Internationaler Wanderführer

Woick engagierte sich zudem intensiv für Natur- und Umweltschutz. Früh unterstützte er den Nationalpark Harz. Das auch vor dem Hintergrund seiner Tätigkeit als Kurdirektor. Später ließ er sich zum Nationalpark-Waldführer fortbilden, führte Erwachsene wie Kinder durch den Harz und vermittelte Wissen über ökologische Zusammenhänge. Auch der Teufelsstieg von Bad Harzburg auf den Brocken geht auf seine Idee zurück. Sogar außerhalb des Harzes, etwa in den Pyrenäen, organisierte er geführte Wanderungen.

Von 2002 bis 2022, also schon im hohen Alter, war Woick schließlich als Landschaftswart des Landkreises Goslar tätig, ein Ehrenamt, das Fachkenntnis, Verantwortungsbewusstsein und Ausdauer verlangt. Als Bindeglied zwischen Bevölkerung, Schutzgebieten und Naturschutzbehörde trug er dazu bei, Natur- und Artenschutz praktisch mit Leben zu füllen.

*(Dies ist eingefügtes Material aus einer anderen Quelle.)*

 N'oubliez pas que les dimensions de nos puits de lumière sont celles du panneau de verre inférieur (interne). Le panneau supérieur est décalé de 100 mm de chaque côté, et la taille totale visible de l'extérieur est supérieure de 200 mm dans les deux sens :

Wie es sich für einen echten Bergmann gehört, stimmt Horst Woick am Ende das Steigerlied an, unterstützt durch den zweiten waschechten Steiger im Saal, Claus Messerschmidt (l.) 

Wie es sich für einen echten Bergmann gehört, stimmt Horst Woick am Ende das Steigerlied an, unterstützt durch den zweiten waschechten Steiger im Saal, Claus Messerschmidt (l.) Foto: Schlegel

Am Ende seiner Laudatio schlug Landrat Saipa einen großen Bogen: Das Bundesverdienstkreuz sei die höchste Anerkennung, die Deutschland für Verdienste um das Gemeinwohl vergebe. Es werde nicht für Routine verliehen, sondern für außergewöhnlichen Einsatz mit Tatkraft und Herz. Horst Woick habe Menschen zusammengeführt, Brücken gebaut und Verantwortung gelebt. Damit sei er ein Vorbild und einer jener „Pfeiler“, von denen Bundespräsident Steinmeier einmal sagte, sie trügen das Netz unserer Gesellschaft.

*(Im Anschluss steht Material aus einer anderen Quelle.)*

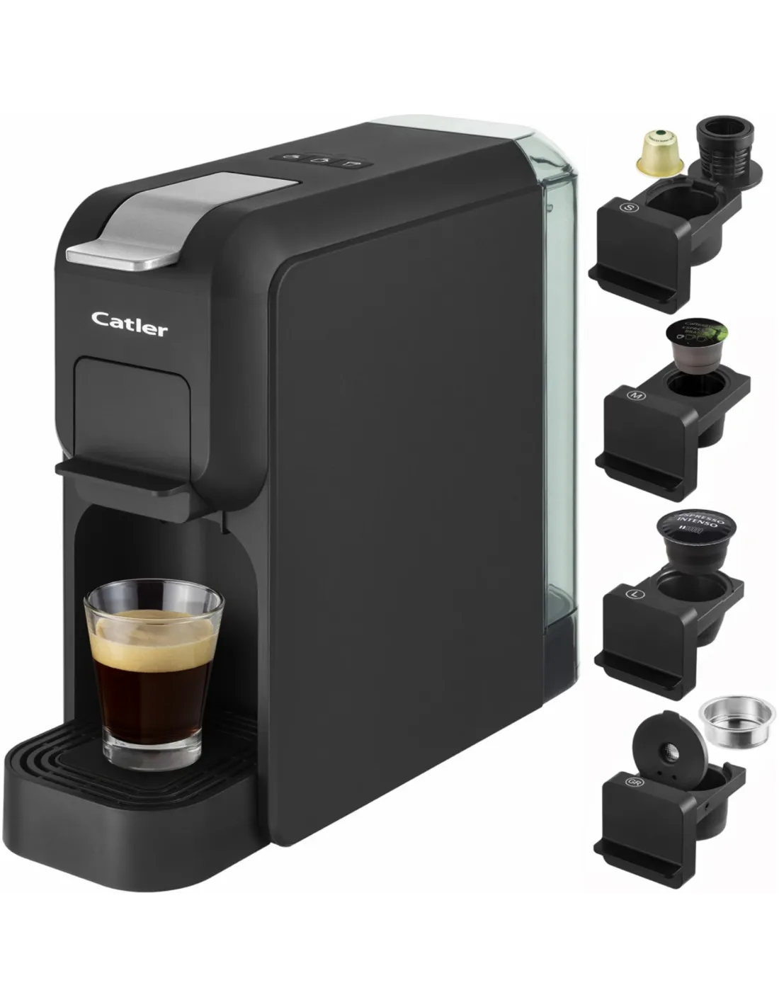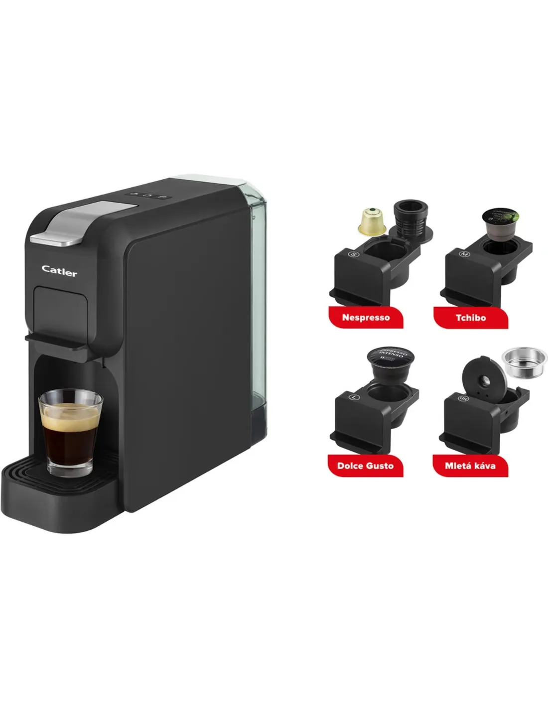 A 15 bar nyomásúautomata eszpresszó fekete, minimalista kivitelben gazdag ízű, intenzív aromájú és finom crema-t tartalmazó kávét készít. Kompatibilis a Nespresso®, Tchibo, NESCAFÉ® Dolce Gusto® és őrölt kávékapszulákkal .

Auch Bürgermeister Ralf Abrahms und Dirk Junicke als Burgberg-Förderer fanden herzliche Worte für Horst Woick. Junicke zum Beispiel bescheinigte ihm, immer ein offenes Ohr für die Jugend zu haben. Und der Bürgermeister erinnerte sich aufgrund seiner jahrzehntelangen Bekanntschaft zu Woick und dessen Familie an allerlei persönliche und berufliche Begegnungen.

Alles für die Allgemeinheit

Woick selbst machte wenig Aufhebens um den feierlichen Akt und genoss ihn einfach. Er habe alles, für das man ihn an diesem Tag auszeichnete, mit viel Freude und Engagement gemacht. Und das auch nie für sich. Sondern für die Allgemeinheit.